Image credit: Rawpixel on Unsplash / CC0 / Public Domain
In a few weeks, I will be moving long distance. Well, long distance, the Dutch way: 175 kilometres. It’s far enough to take potentially hours in busy traffic to get to my destination, therefore I really want it to be a one-way trip. In this post, I want to share some tips and tricks I found useful.
The first tip is the most important one: get rid of as much as you can. Seriously. As soon as you know that you will be moving, start to de-clutter.
In my case, a move usually also indicates a new phase in my life. As a student this was easy: I moved out of my parents house with almost nothing, but now I leave my student town behind. It struck me how much of my college belongings I still kept long after finishing my studies. Student Association Almanacs, binders full of notes taken two decades ago, books, tons and tons of books (798 in total!), even sweaters that were totally faded and the wrong size!
I think part of the reason why we cling to some belongings is because we hate to say goodbye to something we cherished and that made us happy. But the fond memories and the happiness don’t reside in those items but in my memory. Parting from those belonging doesn’t mean that they will be erased. So I got rid of it. All of it went to charity or to recycling. I went down from owning 798 books to about two dozen books.
“This might be useful one day”
After saying goodbye to my life as a college student, I noticed that it didn’t account for all my
stuff junk. I also hoarded things I never used. Ridiculous things. The second tip is: throw out the things of which you keep telling yourself that you ‘might use it one day’. You won’t. Trust me.
When a room-mate wanted to throw out her mosquito net, I asked if I could have it. Because I might use it one day. That day never came because my bed was a loft bed with a desk underneath. Similarly, I had boxes and boxes full of mugs, jars and other stuff that room-mates had left behind after moving out. Nothing matched, but it was free and I might use it later.
I never did because I my father gave me a simple IKEA starter kit for my kitchen. I was using the same three mugs, plates, other dish-ware from that kit. What was I thinking? The list goes on. In the end I think I donated about 10-15 moving boxes of junk to the thrift store. I don’t even remember what was in those boxes and I don’t miss it.
Taking Radical Steps
After getting rid of what felt like 2/3 of my belongings, it was time to move on to my furniture. Was I packing that up in a big van and enjoy it in my beautifully decorated, clean, new house?
Nothing is broken, but the couch has the wrong colour and sunlight has faded it. The dinner table is okay for one or two people sitting at it for dinner, but it won’t do for a nice board game evening.
I bought most furniture because it was cheap, not because it was comfortable. Since I have the money for new stuff, why keep something I don’t enjoy? Out it goes! I will call the thrift store to pick it up some days before I leave this city.
Who needs photos anyway?
Another radical step involved the paperwork. This is my third tip: This is 2018. Get rid of everything analogue and digitize as much as you can.

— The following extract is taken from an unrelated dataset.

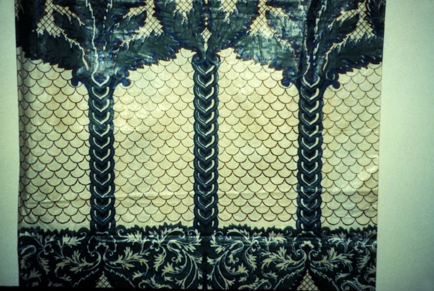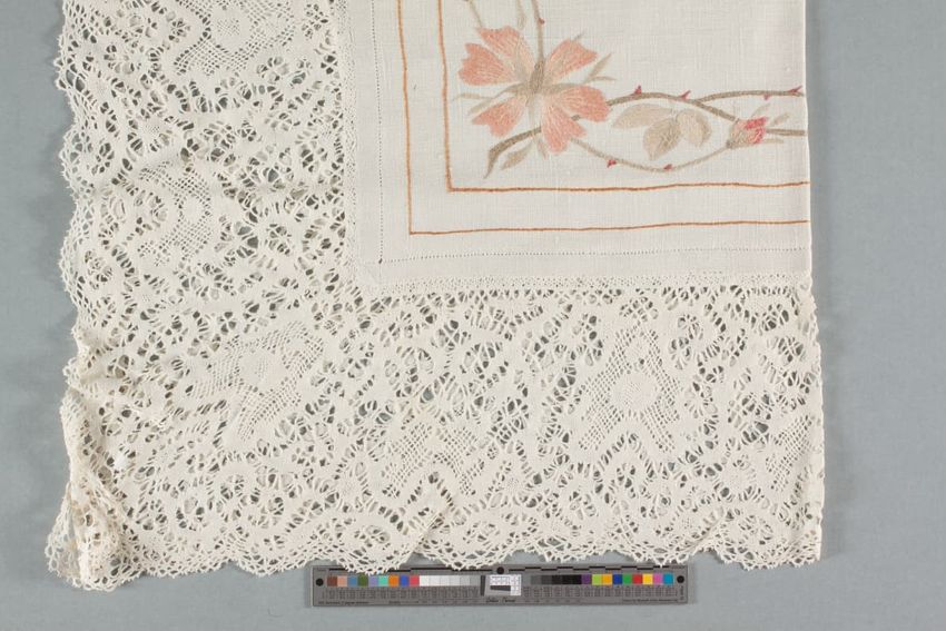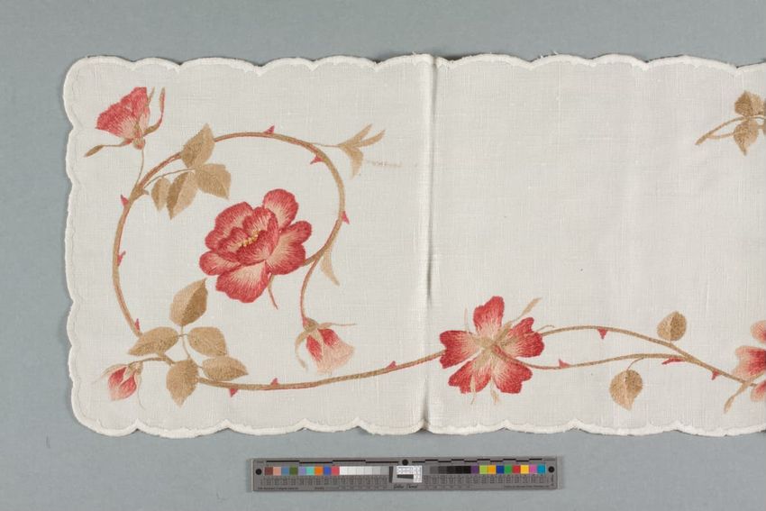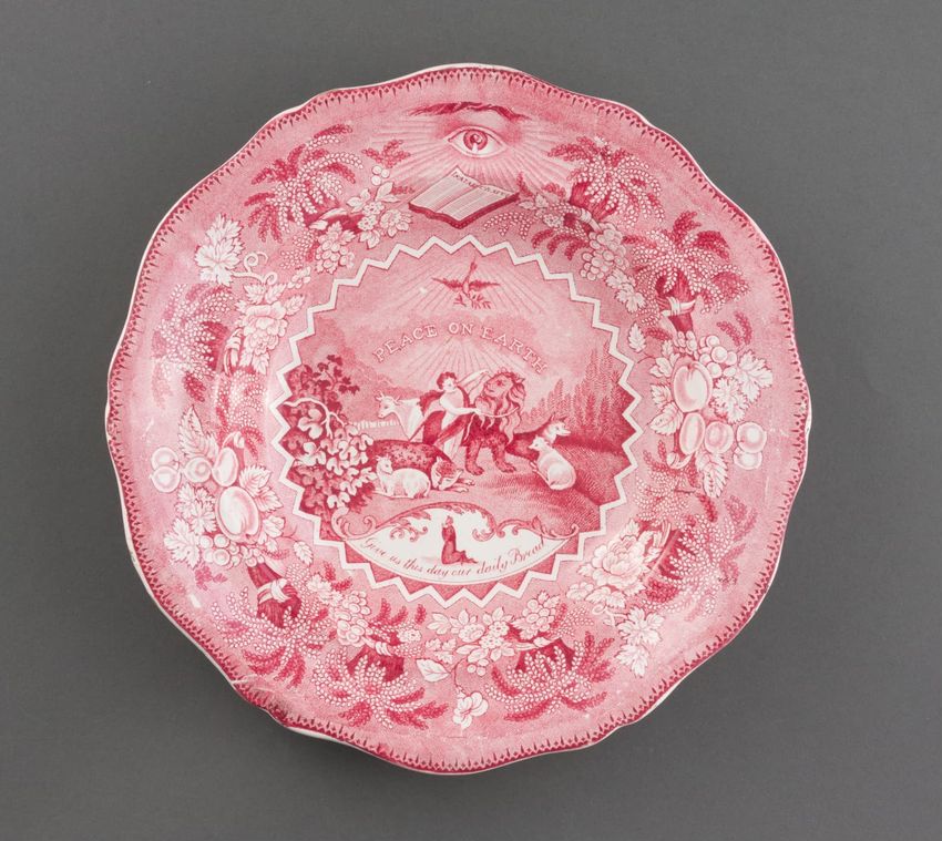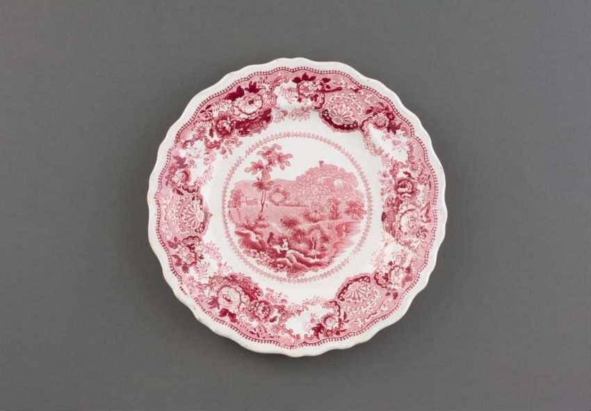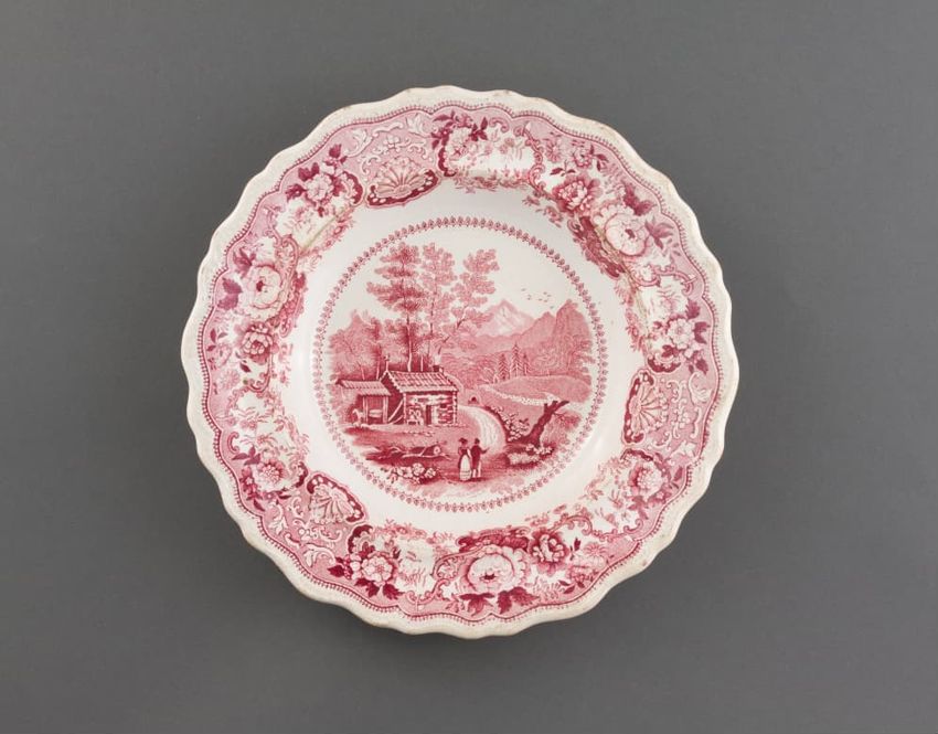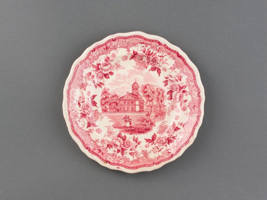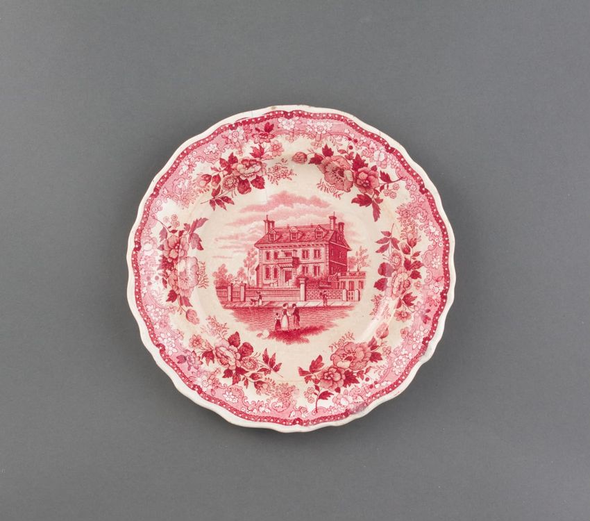 Earthenware plate with scalloped rim and red transfer-print depiction of the historic Hancock House (built 1734-1737), Boston, Massachusetts. The view of the house, a three-story Georgian-style mansion constructed of granite, is from across the cobblestone street and includes passersby on the sidewa...

I had a scrapbook from secondary school that detailed our school trips. It had all the admittance tickets, and I wrote what we had done and seen each day. Surely, I was going to keep that. Nope. I scanned in the entire thing and saved it to Evernote, then tossed the original.
I did the same with all my analogue photos after discovering I still had all the negatives. Most of the photos had started fading and using the film scanning option of my Canon Canoscan 9000f Mark II* flat bed scanner, I managed to save digital copies to Google Photos. The big bonus was not only that I could toss out old photos that started to fade, but I had a pristine digital copy of them. After I was done, I tossed the negative film. I have a digital version, why would I need to keep the film?
Back to Basics
After cutting down to the basics, I feel so light. It’s much easier to oversee the move now! I know I just have to clean the house, cover the drill holes in the walls and take my laminate flooring out and trash it. After that, I rent a transport van one-way, put everything in, drive to my new house, unload and hand it in.
A lot of people keep telling me that packing, moving is among the most stressful life events, but it doesn’t feel like that this time. I’m in a state of Zen. I can’t wait to move, unpack and buy whatever I need. Being radical in throwing things out is so liberating!